And that question has since been answered. Yes, depth of field is indeed different, although it’s the other way round: With the same lens/focal length and aperture, a smaller sensor gives you less, not more depth of field.

 

If I understand your setup correctly, your comparison shots answer a different question: If I shoot the same scene with cameras with different sensor sizes and adjust the distance from the subject to compensate so the field of view will be the same, will the depth of field (at the same aperture setting) be different? To which the answer is: Yes, depth of field will be different; specifically, the images taken with a smaller sensor will show more depth of field.

 

So there are two different questions with two different answers.

[rosuna]

Luminous landscape

 

The DoF of a particular camera can be approximated in different ways, but we find particularly useful this expression:

 

DoF = (2 * H * s^2) / (H^2 - s^2) for H > s

 

The DoF depends on the hiperfocal distance (H) and the distance to the subject (s). The hiperfocal distance is the focus distance that maximizes the DoF. The hiperfocal distance and the deph of field have an inverse relationship. When s approaches H, DoF tends to infinite. We can calculate the hiperfocal distance from

 

H = L^2 / (f * CoC)

 

Where L is the focal length, f is the aperture number and CoC is the circle of confusion. The circle of confusion is a conventional value. It depends on the size of the sensor, the size of the print and the particular vision capabilities and subjectivity of the observer.

 

The question is this: assuming the CoC conventions are useful for practical work, how the cropped sensor affects the depth of field? When the format changes the CoC changes too, because the enlargement of the original capture medium needed for a particular print size is altered.
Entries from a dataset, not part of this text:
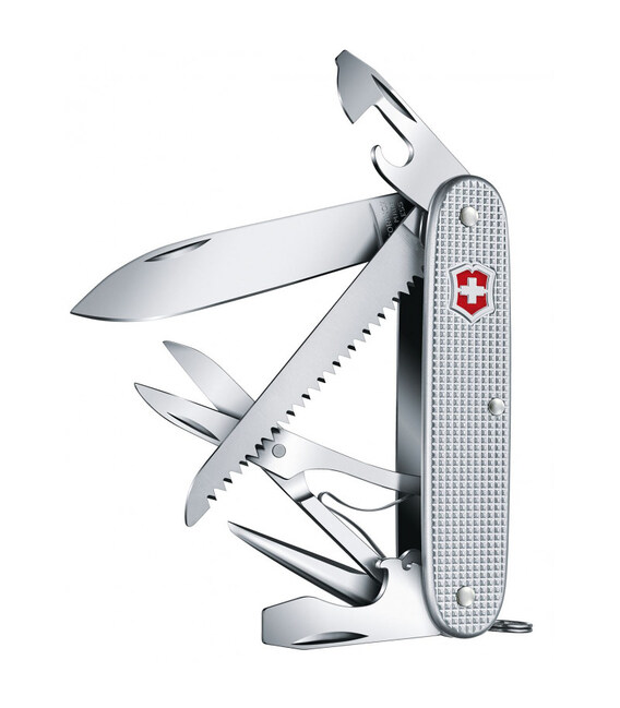Средний швейцарский складной нож Farmer X Alox 93мм / 10 функций / рифленые серебристые накладки из анодированного алюминия / ножницы / пила Victorinox 0.8271.26 Швейцария Гарантия: Пожизненная
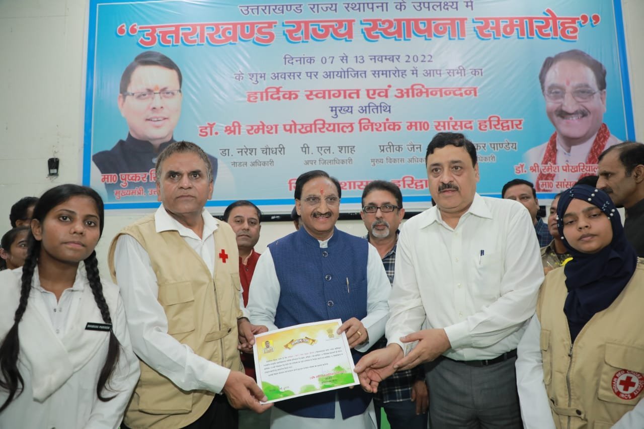 हरिद्वार। ऋषिकुल राजकीय आयुर्वेद महाविद्यालय के शरीर रचना विभागाध्यक्ष/सचिव इण्डियन रेडक्रास डा0 नरेश चौधरी को हरिद्वार लोक सभा सासंद डा0 रमश पोखरियाल निशंक ने उत्तराखण्ड राज्य स्थापना वर्ष समारोह के उपलक्ष्य पर गत दिवस ऋषिकुल राजकीय महाविद्यालय सभागार में अपने मूल दायित्वों के साथ साथ जन समाज में की गई उत्कृष्ट एवं समर्पित सेवाओं के लिए विशेष रूप से सम्मानित किया गया। लोक सभा सांसद डा0 रमेश पोखरियाल निशंक ने कहा कि डा0 नरेश चौधरी ने कुम्भ मेला, अर्द्ध कुम्भ मेला, कावंड़ मेला एवं अन्य राष्ट्रीय कार्यक्रमों एवं आयोजनों में उत्कृष्ट कार्य किये हैं। साथ ही साथ पूर्व में उत्तराखण्ड में आई देवीय आपदाओं में डा0 नरेश चौधरी द्वारा किये गये सराहनीय एवं उत्कृष्ट कार्य भी उल्लेखनीय हैं तथा सम्पूर्ण कोरोना काल तथा वर्तमान में वैक्सीनेशन में जो समर्पित भावना से की गई सेवा अतुलनीय है। जिनके लिए डा0 नरेश चौधरी को पूर्व में भी समय समय पर उच्च सम्मानों से प्रोत्साहित किया गया है। उत्तराखण्ड राज्य स्थापना दिवस समारोह में भी डा0 नरेश चौधरी को सम्मानित किया जाना एक विशेष गौरव की बात है।
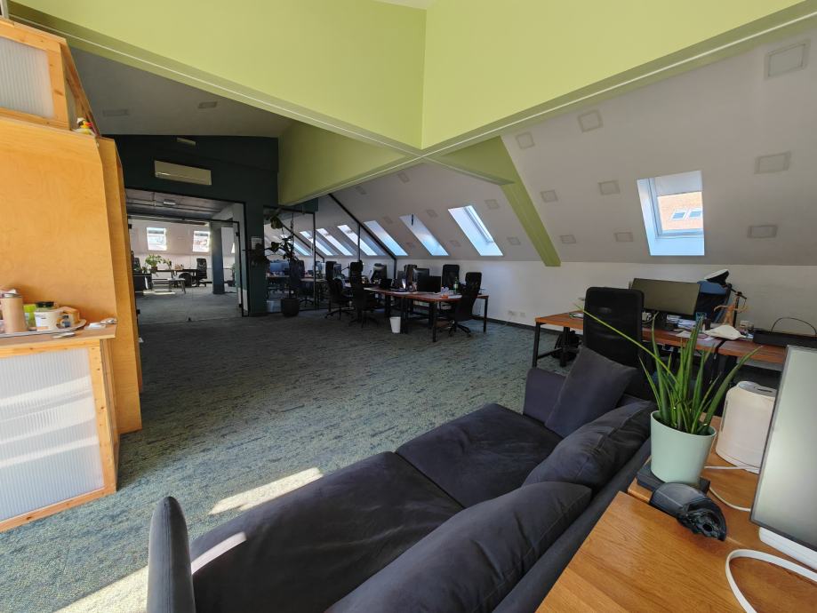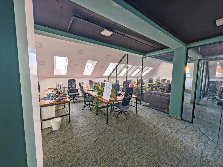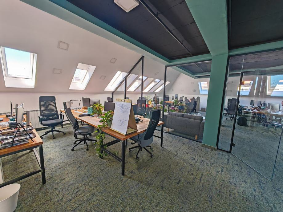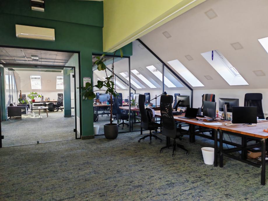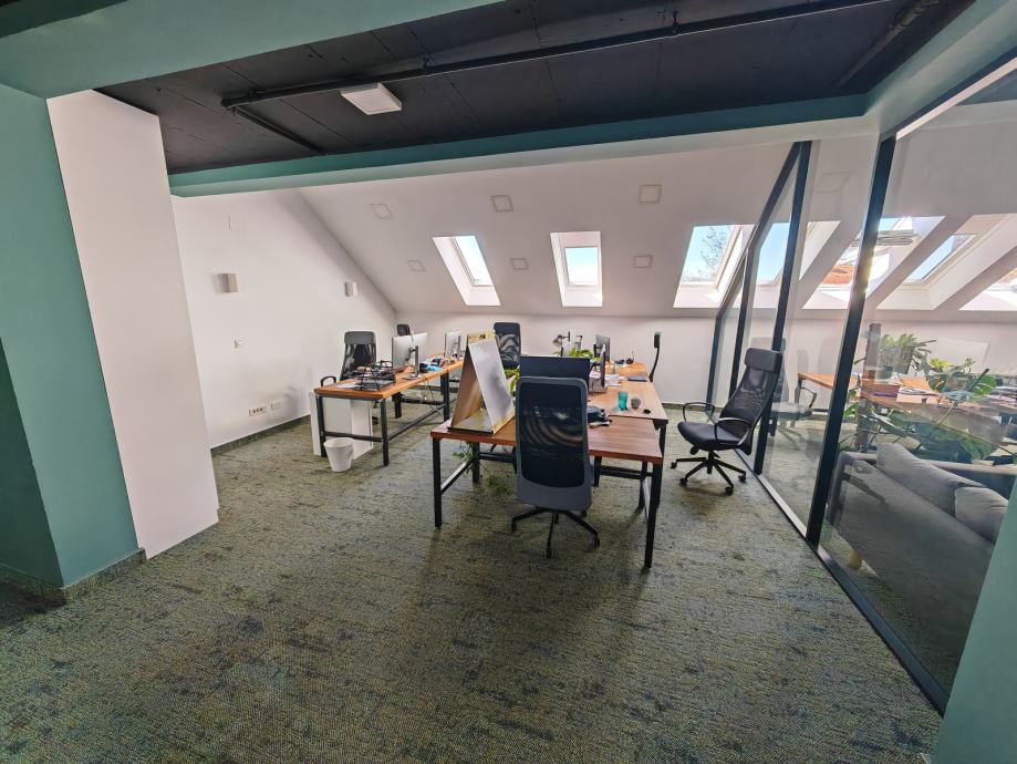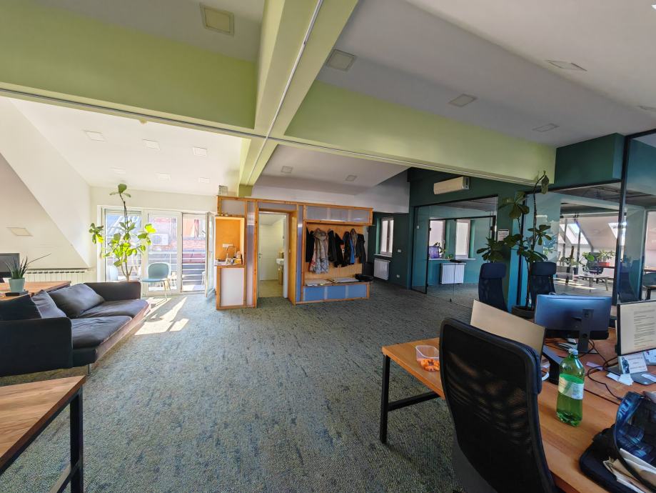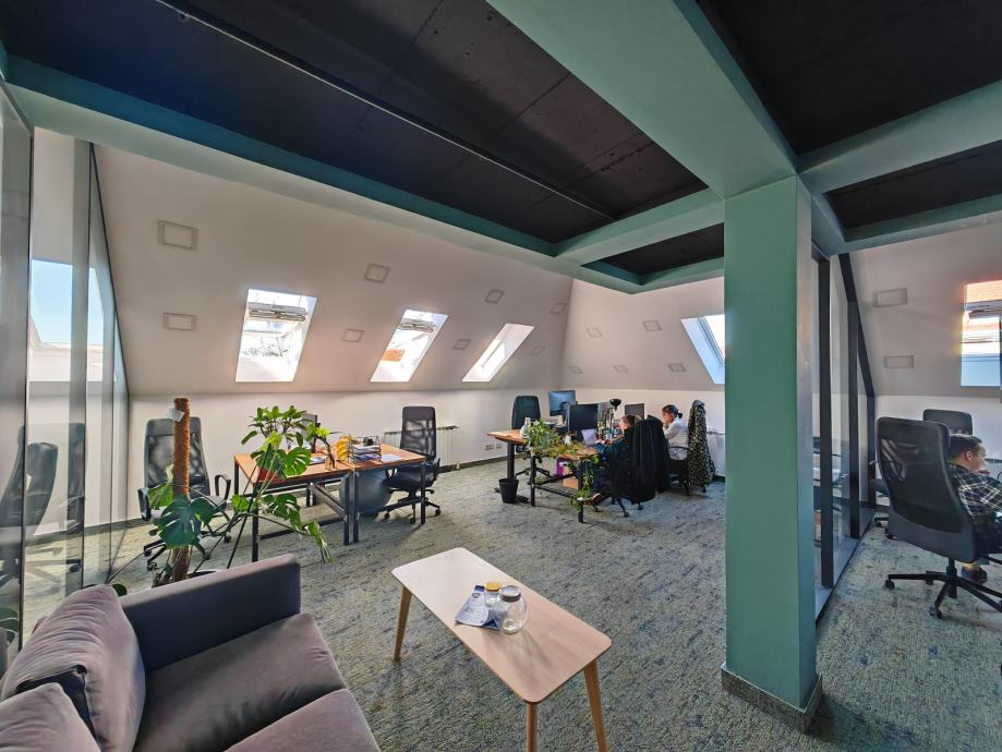 Ured je dizajnerski uređen, te se sastoji od open space prostora i nekoliko prostorija koje su pregrađene staklenim pregradama, balkona, čajne kuhinje i dva sanitarnog čvora M+Ž.
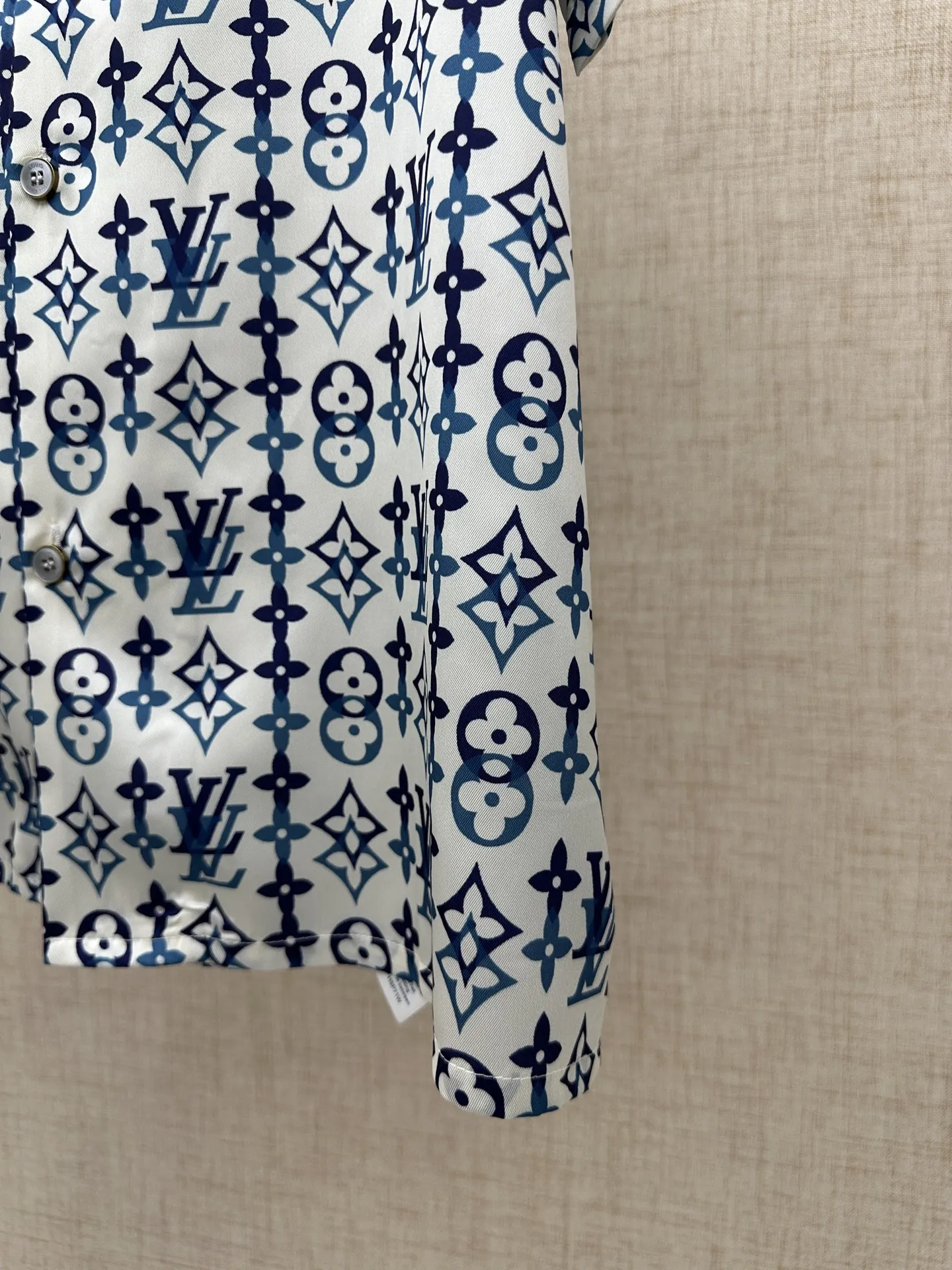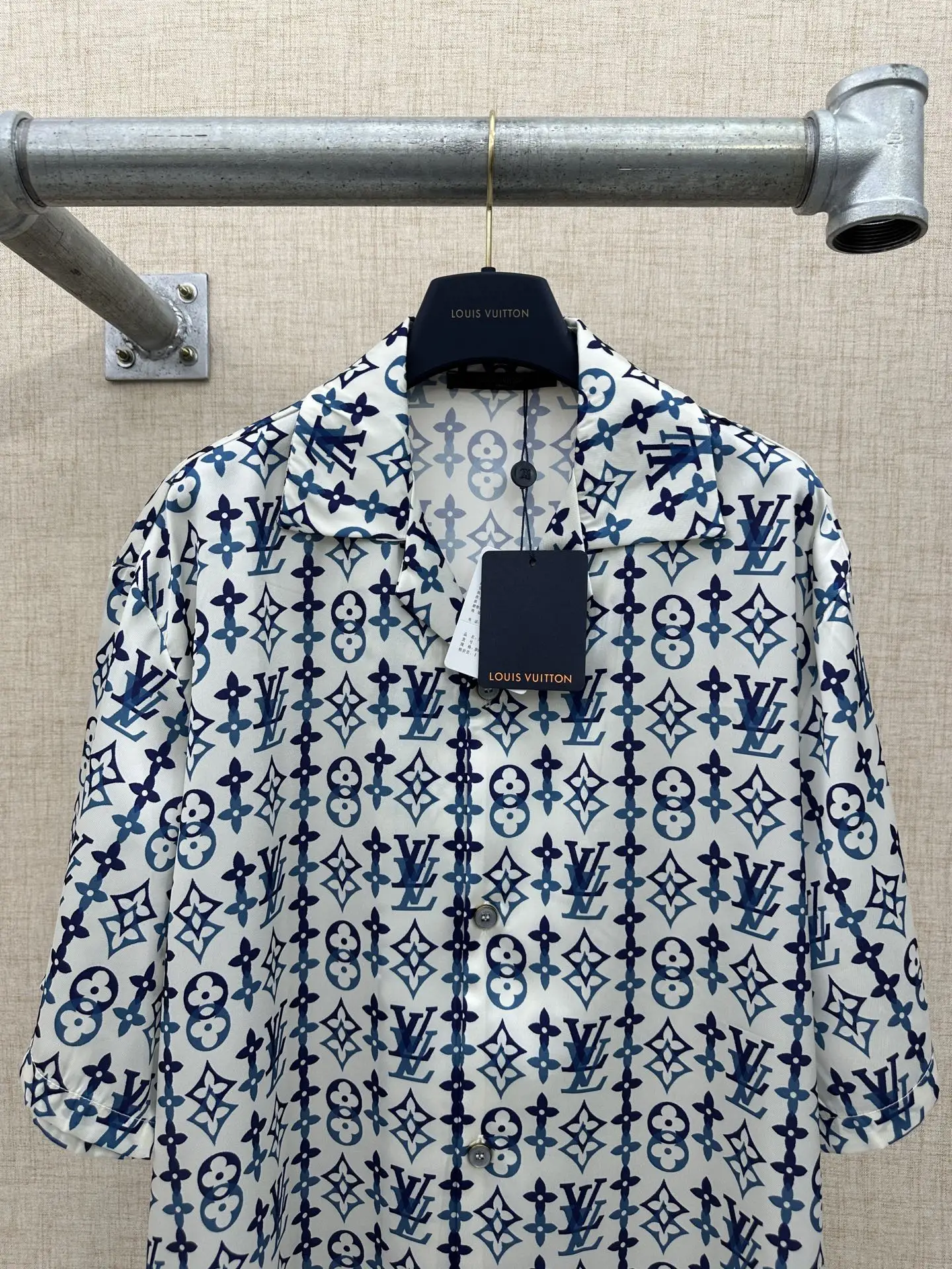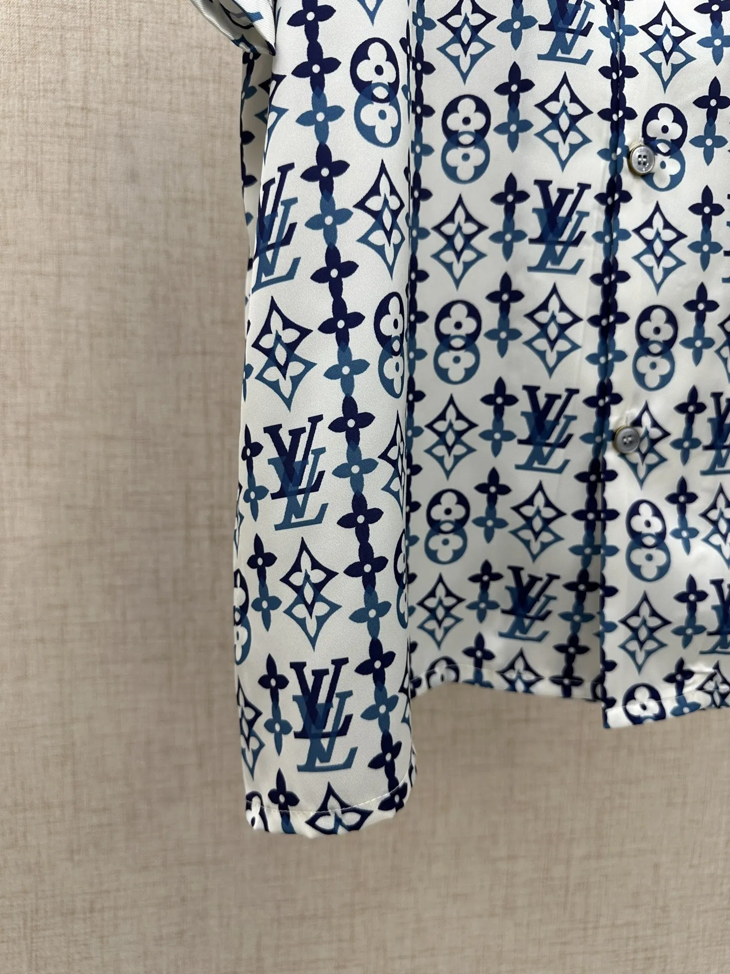 LV/路易威登 MONOGRAM 印花桑蚕丝短袖衬衫 与桑蚕丝材质相得益彰 可与同系列同款短裤 组成完整套装 打造摩登休闲造型

If we use a smaller sensor, we must to enlarge the detail captured more than necessary from a bigger sensor. Then, we have CoCf = CoCd*1.33, this is, the circle of confusion of the Leica M8 (CoCd) is 1.33 smaller than the circle of confusion of a film based Leica M (CoCf). Obviously, this affects the hiperfocal distance (Hd = Hf * 1.33) and the depth of field, which has an inverse relationship with the variable H (so DoFd < DoFf). Other variables being the same, the M8 will show a narrower depth of field due to the smaller circle of confusion. However, on the other hand, due to the crop in the sensor, not all variables can be the same. The angle of view for a particular focal length (L) will be different, and if we compensate the distance to the subject or the focal length for obtaining the same angle of view, the DoF will be affected again. An interesting result derived from the previous reasoning is this: when you crop a digital image in the computer you are effectively reducing the DoF in the print!

 

[luigi bertolotti]

Luminous landscape

 

Not dissimilar from Michael straight conclusions : anyway, let me say clearly, Michael "mjh" is one of the best tech divulgators of this Forum.

[BerndReini]

If anyone has any doubt that sensor size influences depth of field, pick up a medium format camera vs. the M8, shoot a close up of a person, framing the person's head and shoulders exactly the same size, shoot the picture at exactly the same aperture, and you will be hit over the head with the results.

 

If technical explanations confuse you, and since they are irrelevant anyway, please go out and do this test. I would say that the depth of field of the M8 at f2 is about the same as the depth of field at about f4 with my 645 with the same focal length if the framing is the same.

 

I expect about a one stop difference between the M8 and the M9.

 

Btw. all the technical explanations are beyond irrelevant for real photography. The fact remains that with a small sensor camera such as the DLux4, the depth of field at say f5.6 is endless, whereas with a 4x5 camera, it is paper thin. That's all that's relevant for photography, the rest is for engineers and forums. This is in part why people tend to emotionally respond so much to large format photography when they see the result. I know that I am oversimplifying here and I am well aware of the calculations etc., but as a working photographer, I could care less about what is supposed to happen on paper because what happens on the real paper is obvious to even an amateur.

[luigi bertolotti]

....Btw. all the technical explanations are beyond irrelevant for real photography. The fact remains that with a small sensor camera such as the DLux4, the depth of field at say f5.6 is endless, whereas with a 4x5 camera, it is paper thin. That's all that's relevant for photography, the rest is for engineers and forums. This is in part why people tend to emotionally respond so much to large format photography when they see the result. I know that I am oversimplifying here and I am well aware of the calculations etc., but as a working photographer, I could care less about what is supposed to happen on paper because what happens on the real paper is obvious to even an amateur.[/quote]

 

Personally, I like technical explantions... but your conclusion is spot on target : in user terms one has simply to take into account that with a larger sensor (or film) he simply and generally will have less DOF, period.

[ampguy]

.015 might be right, but the Osther Gunterlach (sp?) book states that Leica's lenses (this was late '80s film era) was designed for 0.023 in his Leica M Advanced book.

 

I note that dofmaster online calc uses different coc values for m8 and m9?? which is giving some folks grief.

 

Best thing is to test a 35 with M8, and a 50 on M9 at 1, 2, 5, 10, 20, and 100 meters and determine for yourself.

 

And subject distance, don't forget that! Having said that, if you go for the least simplified formula (which isn't in the Wiki article), there is a parameter for receptor size introduced. However it is better ignored.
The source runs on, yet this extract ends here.